**What the exercise asks**
Pictures must not appear in the copy. Set down exactly the line with "A casa dos avós, a" and each line after it through the end of the data below.

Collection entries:
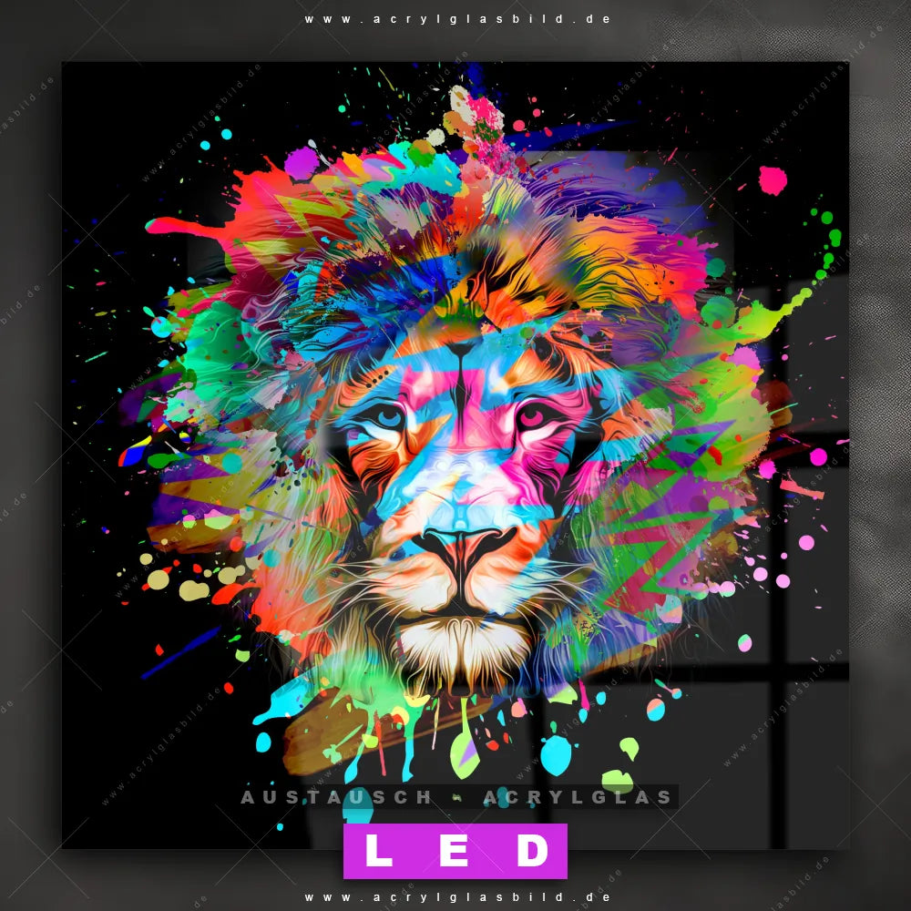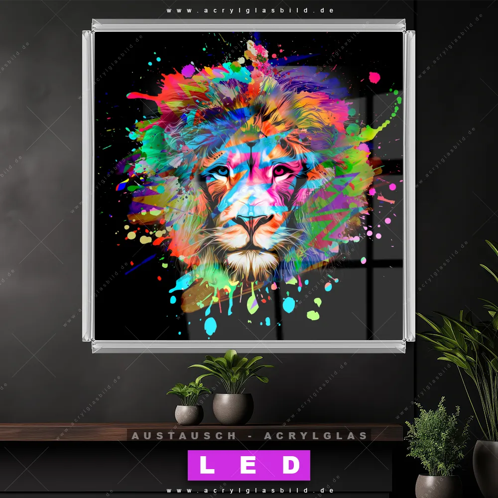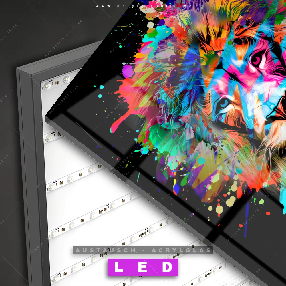 Begriffe wie Raubkatze, Löwe, Afrika, Dschungel, Lion, Splash, Farbspritzer, Farbexplosion, Porträt, Farbe haben dich auf der Suche nach deinem neuen Austausch-Acrylglasbild inspiriert? Dann sollte das Wechsel-Acrylglasbild Löwenkopf abstrakt für dein bereits vorhandenes LED Acrylglasbild Canvalight® DIA den Weg zu dir finden.
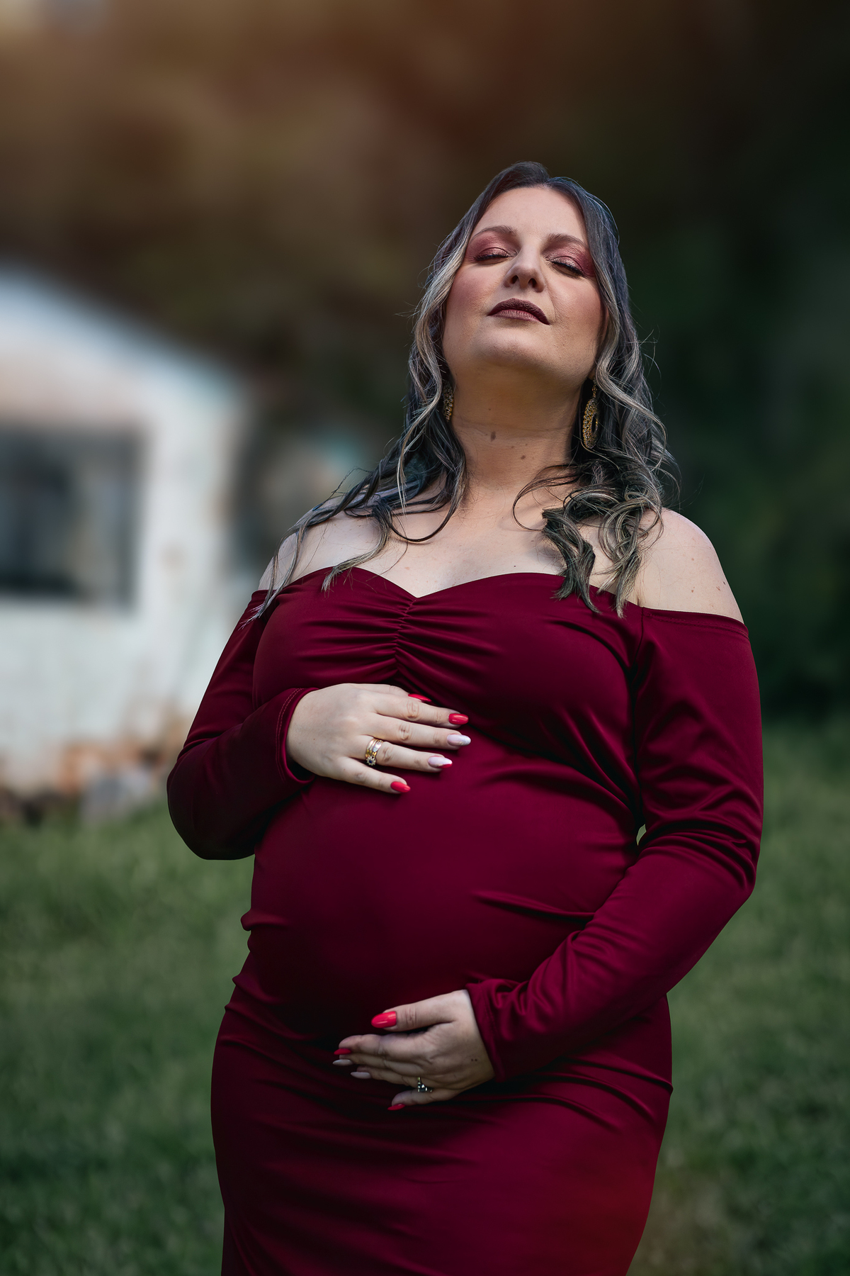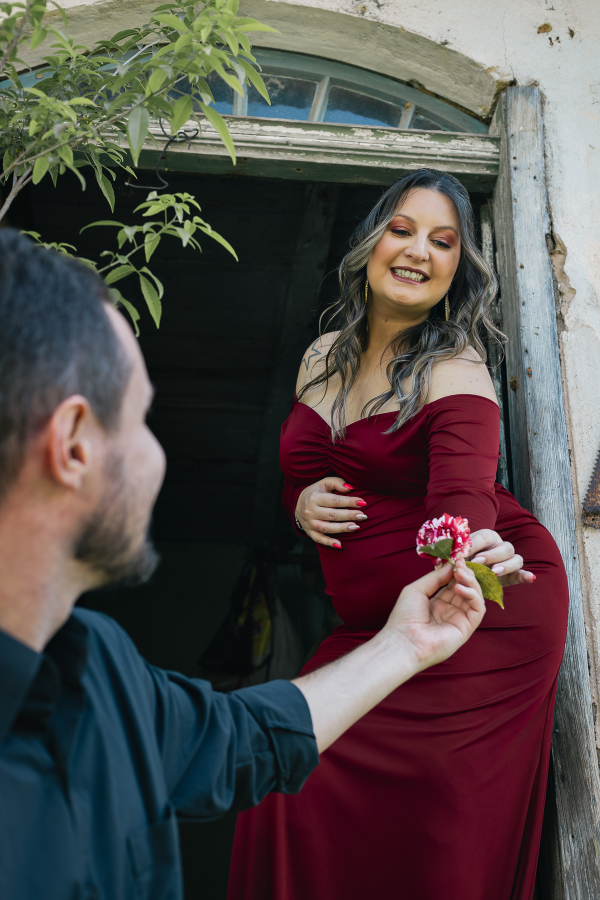 A casa dos avós, a escada, o rio… Nada foi por acaso. Cada clique carrega não só a beleza da espera, mas também a conexão com o passado e a construção de um novo capítulo.
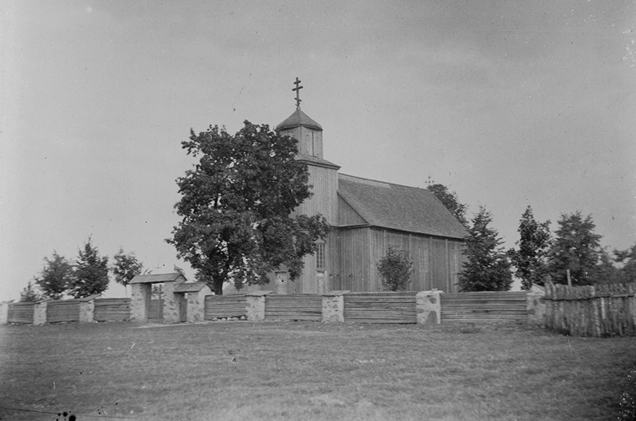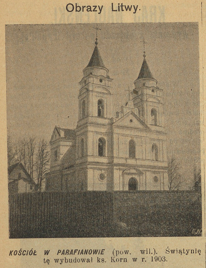 Касцёл у Параф’янаве. Злева ад новага бачны драўляны касцёл, у якім, магчыма, хрысцілі Ігната Дамейку. Фота з тыднёвіка «życie illustrowane», 1909 год.
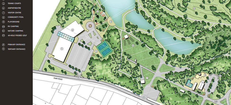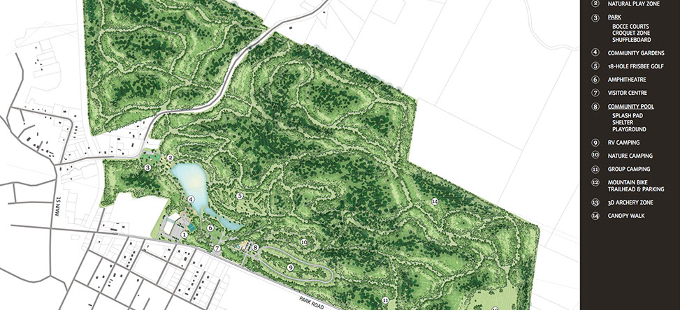 Trenton Park is one of the key open space assets in the Town of Trenton. Looking to strategically reinvest and revitalize the Park, the Town retained Ekistics to undertake a feasibility study for the campground operations and to complete a comprehensive master plan for the entire 500 acre park site. The resulting 7 year plan included such innovative elements as a canopy walk and frisbee golf, integrated with multi-generational facilities like bocce courts and walking trails.
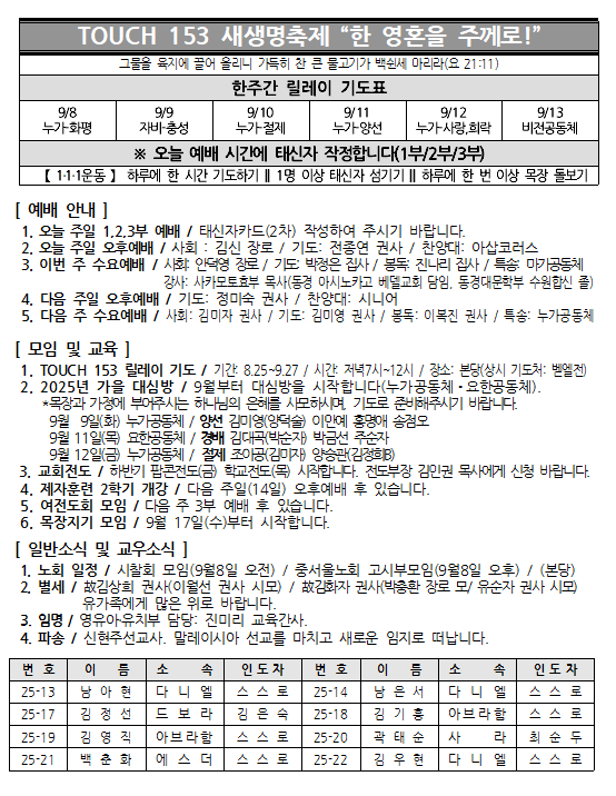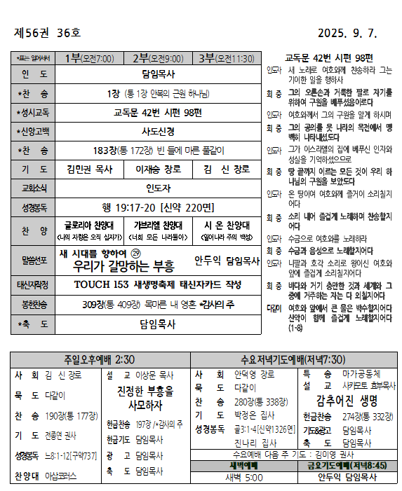 2025년 9월 7일 주보 페이지 정보 작성자 서버관리 댓글 작성일25-09-06 본문 2025년 9월 7일 주보 댓글목록 목록 교회주보 목록 번호 제목 글쓴이 조회 날짜 833 2025년 10월 12일 주보 서버관리 14 2025-10-12 832 2025년 10월 5일 주보 서버관리 137 2025-10-04 831 2025년 9월 28일 주보 서버관리 98 2025-10-04 830 2025년 9월 21일 주보 서버관리 189 2025-09-24 829 2025년 9월 14일 주보 서버관리 237 2025-09-16 열람중 2025년 9월 7일 주보 서버관리 464 2025-09-06 827 2025년 8월 31일 주보 서버관리 290 2025-09-03 826 2025년 8월 24일 주보 서버관리 864 2025-08-24 825 2025년 8월 17일 주보 서버관리 1058 2025-08-24 824 2025년 8월 10일 주보 서버관리 776 2025-08-10 823 2025년 8월 3일 주보 서버관리 843 2025-08-10 822 2025년 7월 27일 주보 서버관리 625 2025-08-10 821 2025년 7월 20일 주보 서버관리 875 2025-08-10 820 2025년 7월 13일 주보 서버관리 993 2025-07-15 819 2025_7_6 주보 서버관리 774 2025-07-05 818 2025. 6. 29 주보 서버관리 893 2025-07-01 열린1페이지 2페이지 3페이지 4페이지 5페이지 6페이지 7페이지 8페이지 9페이지 10페이지 다음 맨끝 검색대상 제목 내용 제목+내용 회원아이디 회원아이디(코) 글쓴이 글쓴이(코) 검색어 필수 검색

**Written solution**
 A casa dos avós, a escada, o rio… Nada foi por acaso. Cada clique carrega não só a beleza da espera, mas também a conexão com o passado e a construção de um novo capítulo.
 Касцёл у Параф’янаве. Злева ад новага бачны драўляны касцёл, у якім, магчыма, хрысцілі Ігната Дамейку. Фота з тыднёвіка «życie illustrowane», 1909 год.
 Trenton Park is one of the key open space assets in the Town of Trenton. Looking to strategically reinvest and revitalize the Park, the Town retained Ekistics to undertake a feasibility study for the campground operations and to complete a comprehensive master plan for the entire 500 acre park site. The resulting 7 year plan included such innovative elements as a canopy walk and frisbee golf, integrated with multi-generational facilities like bocce courts and walking trails.
 2025년 9월 7일 주보 페이지 정보 작성자 서버관리 댓글 작성일25-09-06 본문 2025년 9월 7일 주보 댓글목록 목록 교회주보 목록 번호 제목 글쓴이 조회 날짜 833 2025년 10월 12일 주보 서버관리 14 2025-10-12 832 2025년 10월 5일 주보 서버관리 137 2025-10-04 831 2025년 9월 28일 주보 서버관리 98 2025-10-04 830 2025년 9월 21일 주보 서버관리 189 2025-09-24 829 2025년 9월 14일 주보 서버관리 237 2025-09-16 열람중 2025년 9월 7일 주보 서버관리 464 2025-09-06 827 2025년 8월 31일 주보 서버관리 290 2025-09-03 826 2025년 8월 24일 주보 서버관리 864 2025-08-24 825 2025년 8월 17일 주보 서버관리 1058 2025-08-24 824 2025년 8월 10일 주보 서버관리 776 2025-08-10 823 2025년 8월 3일 주보 서버관리 843 2025-08-10 822 2025년 7월 27일 주보 서버관리 625 2025-08-10 821 2025년 7월 20일 주보 서버관리 875 2025-08-10 820 2025년 7월 13일 주보 서버관리 993 2025-07-15 819 2025_7_6 주보 서버관리 774 2025-07-05 818 2025. 6. 29 주보 서버관리 893 2025-07-01 열린1페이지 2페이지 3페이지 4페이지 5페이지 6페이지 7페이지 8페이지 9페이지 10페이지 다음 맨끝 검색대상 제목 내용 제목+내용 회원아이디 회원아이디(코) 글쓴이 글쓴이(코) 검색어 필수 검색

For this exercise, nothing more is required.